Эта картинка жила в памяти Митеньки Потапенко во всех ее подробностях, включая моросящий дождь и порывистый морской ветер, запах рыбы и смолы, скрип сходней, по которым тащили на судно груз, голоса беглецов, шепот брата Рейньера, творящего молитву. Жила тайно, скрытно, как узница в подвале без окон, и вот обрела свободу.
Все два месяца плаванья слились в один бесконечный морской пейзаж, приправленный тошнотворной едой, болью в животе, холодным ветром, неистребимой сыростью. Арно де Бетанкур жил надеждой. Двумя надеждами — спрятать в безопасном месте плиту для проведения ритуала и воспитать сына. Сыну он хотел передать тайну плиты, сделать его хранителем.
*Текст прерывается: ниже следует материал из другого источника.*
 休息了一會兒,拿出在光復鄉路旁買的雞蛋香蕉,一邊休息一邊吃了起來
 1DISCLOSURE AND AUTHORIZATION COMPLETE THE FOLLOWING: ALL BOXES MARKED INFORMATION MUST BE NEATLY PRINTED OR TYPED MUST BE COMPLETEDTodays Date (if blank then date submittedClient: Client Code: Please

Для этого нужно было, чтобы мальчик вступил в орден, где приносят обет целомудрия. Иначе незачем спасать эту тяжеленную плиту толщиной в локоть. Рано или поздно король Филипп умрет, и ордену потребуются деньги, чтобы возродиться, очень много денег…
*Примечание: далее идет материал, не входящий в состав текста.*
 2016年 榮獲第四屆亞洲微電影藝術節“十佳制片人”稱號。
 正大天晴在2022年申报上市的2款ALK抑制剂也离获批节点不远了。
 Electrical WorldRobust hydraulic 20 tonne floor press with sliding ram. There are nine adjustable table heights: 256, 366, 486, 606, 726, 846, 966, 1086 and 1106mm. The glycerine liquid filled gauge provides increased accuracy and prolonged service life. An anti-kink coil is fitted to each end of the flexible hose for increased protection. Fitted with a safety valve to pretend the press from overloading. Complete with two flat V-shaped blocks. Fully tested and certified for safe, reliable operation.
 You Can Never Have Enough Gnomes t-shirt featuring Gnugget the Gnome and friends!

Память двоилась. Король Филипп, ненавистный и проклятый покойным магистром де Моле, вдруг оборачивался банкиром Успенским — но не тем, какого знал Митенька, а молодым. Сам де Моле, благосклонно относившийся к Бетанкуру, вдруг на миг превращался в остроносого взъерошенного старика с ножом в руке. И красная «ауди» вдруг проезжала по узкой улочке старого Парижа.
Ничего особенного в этом Митенька не видел.
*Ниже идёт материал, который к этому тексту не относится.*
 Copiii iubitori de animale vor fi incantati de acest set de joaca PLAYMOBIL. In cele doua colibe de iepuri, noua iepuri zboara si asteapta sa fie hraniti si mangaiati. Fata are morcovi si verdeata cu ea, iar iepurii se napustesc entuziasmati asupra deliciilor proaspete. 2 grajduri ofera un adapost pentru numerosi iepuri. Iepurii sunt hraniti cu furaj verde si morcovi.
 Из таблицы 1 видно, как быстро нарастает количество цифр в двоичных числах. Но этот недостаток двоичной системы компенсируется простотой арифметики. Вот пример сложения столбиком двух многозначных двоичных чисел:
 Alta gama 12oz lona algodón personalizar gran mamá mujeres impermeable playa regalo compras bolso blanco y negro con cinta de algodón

Гораздо больше, чем людская суета, занимала его плита, которую он обязался беречь. Связь с каменными фигурами была прочнее связи с живыми людьми, и он на много миль слышал шаги каменного коня и невнятную беседу каменных рыцарей. Ему следовало быть рядом с ними — и он, положившись на чутье, двигался к ним; чем ближе — тем острее было желание прикоснуться к плите.
Тогда, в Париже, он лучше всех с ней поладил. Жеан де Буа, резчик по камню, знал, что так будет. У него был учитель, чьего имени он не называл, а у того учителя — другой учитель. Брат Рейньер тоже унаследовал латинские заклинания от своего учителя. Им обоим было опасно оставаться в Париже. Но если Жеан де Буа добровольно отправился с обозом в Ла-Рошель, то брата Рейньера Бетанкур увез насильно, не позволяя ему даже оборачиваться. Племянники — не малые дети, убегут, уцелеют. И лучше умереть в дороге, на обочине, чем от пыток.
Судно, ганзейский когг, принадлежавший ордену, одолев проливы, шло вдоль плоского песчаного берега, и штурман, которого взяли в Копенгагене, хмуро пророчествовал: осталось последнее испытание, обойти мыс, за которым довольно тихий залив, но как раз у мыса — опасные мели, и живущие в тех краях куроны умеют расставить по берегу поддельные маяки, чтобы заманить судно, уложить его на песок, а потом окружить десятком лодок и растащить все, что там найдется. Бетанкур отвечал: люди, которые вместе с ним взошли на борт, готовы драться. Он и сыну выдал длинный нож. Но, к счастью, драться не пришлось.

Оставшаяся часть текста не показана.